[Material shown]

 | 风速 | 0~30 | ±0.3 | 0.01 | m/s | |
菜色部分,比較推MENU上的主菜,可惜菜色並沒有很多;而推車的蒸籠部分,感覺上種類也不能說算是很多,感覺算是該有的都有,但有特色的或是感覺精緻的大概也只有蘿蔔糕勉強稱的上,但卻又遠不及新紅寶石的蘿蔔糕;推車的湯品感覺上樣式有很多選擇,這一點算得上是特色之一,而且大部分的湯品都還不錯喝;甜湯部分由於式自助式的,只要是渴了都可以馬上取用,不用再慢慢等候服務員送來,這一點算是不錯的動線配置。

[/Material shown]
[Material shown]

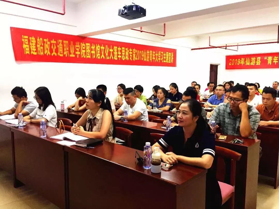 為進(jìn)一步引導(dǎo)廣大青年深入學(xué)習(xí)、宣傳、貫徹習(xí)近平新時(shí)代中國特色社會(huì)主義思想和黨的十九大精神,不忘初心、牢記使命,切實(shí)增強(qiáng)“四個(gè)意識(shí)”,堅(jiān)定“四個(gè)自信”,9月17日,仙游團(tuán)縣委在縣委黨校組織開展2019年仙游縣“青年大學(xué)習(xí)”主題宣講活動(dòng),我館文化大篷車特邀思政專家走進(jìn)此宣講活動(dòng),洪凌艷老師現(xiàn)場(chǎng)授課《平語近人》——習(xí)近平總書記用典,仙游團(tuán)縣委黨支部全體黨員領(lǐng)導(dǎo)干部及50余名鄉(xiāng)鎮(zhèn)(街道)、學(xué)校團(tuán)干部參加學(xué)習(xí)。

[/Material shown]

Task details:
Look back at the data above. Transcribe exactly the lines starting at the line that contains "0.01 | m/s | |" and ending at the line that contains "菜色部分,比較推MENU上的".

Task result:
 | 风速 | 0~30 | ±0.3 | 0.01 | m/s | |
菜色部分,比較推MENU上的主菜,可惜菜色並沒有很多;而推車的蒸籠部分,感覺上種類也不能說算是很多,感覺算是該有的都有,但有特色的或是感覺精緻的大概也只有蘿蔔糕勉強稱的上,但卻又遠不及新紅寶石的蘿蔔糕;推車的湯品感覺上樣式有很多選擇,這一點算得上是特色之一,而且大部分的湯品都還不錯喝;甜湯部分由於式自助式的,只要是渴了都可以馬上取用,不用再慢慢等候服務員送來,這一點算是不錯的動線配置。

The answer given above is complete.